Mildly entertaining, but the plot was fresher 15 years ago in the movie Wall Street, and there’s not a character as...

Krist’s third novel (after Chaos Theory, 2000, etc.) reminds us that there have been other New Economies as he blends his ambitious hero’s adventures in 1690s London with similar events in New York from September 1999 to March 2000.

Twenty-year-old William Merrick, “fourth son in a family whose brickworks would only comfortably support three,” goes to work for his uncle, prominent wine merchant Gilbert Hawking, but is far more interested in “the joyous intricacies of what was then called Dutch finance—that new, uncharted world of notes and shares an annuities.” Will is a classic young man on the make in 17th-century London until Chapter Three, when the hackney coach hailed in ‘Change Alley turns into a 20th-century taxi at the corner of Wall Street and Broadway.
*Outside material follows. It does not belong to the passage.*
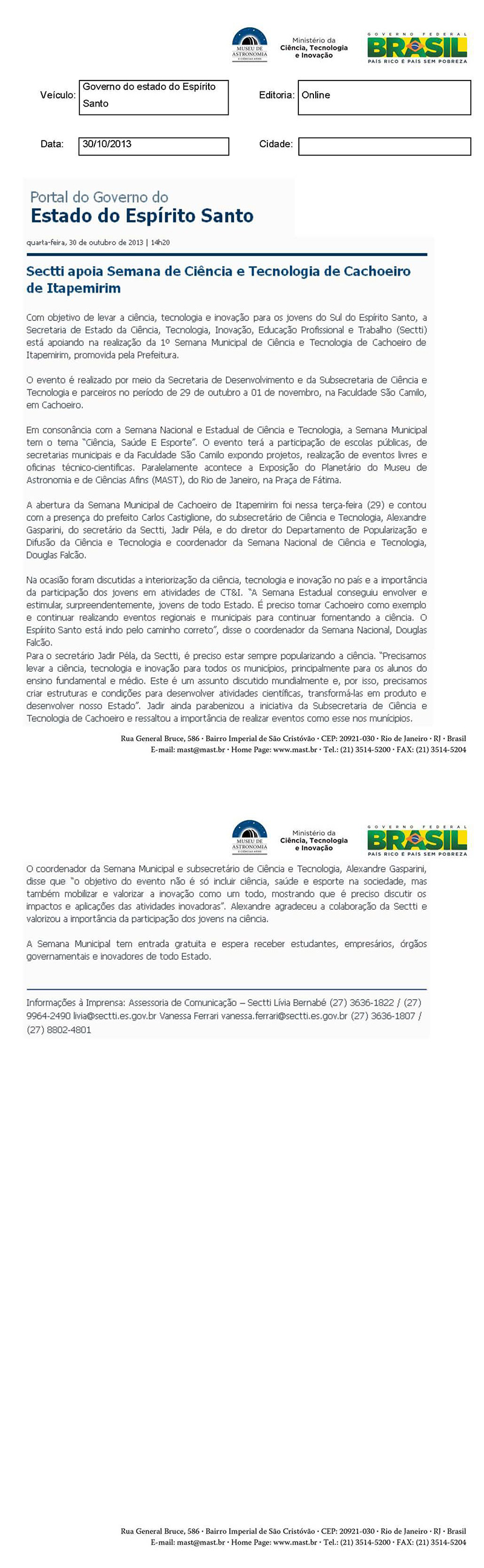 Governo do Estado do Espírito Santo | Sectti apoia Semana de Ciência e Tecnologia de Cachoeiro de Itapemirim

From then on, his first-person narrative alternates between the two periods but tells the same story in both. Uncle Gilbert entrusts Will with the nebulous task of helping him connect with companies creating new technologies. Among these is “an electronic switching thingie” developed by Benjamin Fletcher (in the 17th century, he’s come up with a new kind of winch), whose alluring sister Eliza wants “to open a chain of socially-responsible restaurants” (or “a series of charitable chophouses” circa 1690). Will is almost as attracted to Eliza as he is to the seemingly limitless potential for making money dangled in front of him by Ted Witherspoon, a promoter of IPOs (called “projects” in 17th-century London). The dual time frame is a clever gimmick, but no more than a gimmick as Will makes the familiar journey from hungry apprenticeship to unmerited affluence to deserved comeuppance. He makes money, but he loses the girl. This won’t bother readers much, however, since Eliza, is as one-dimensional as the rest of the schematic cast.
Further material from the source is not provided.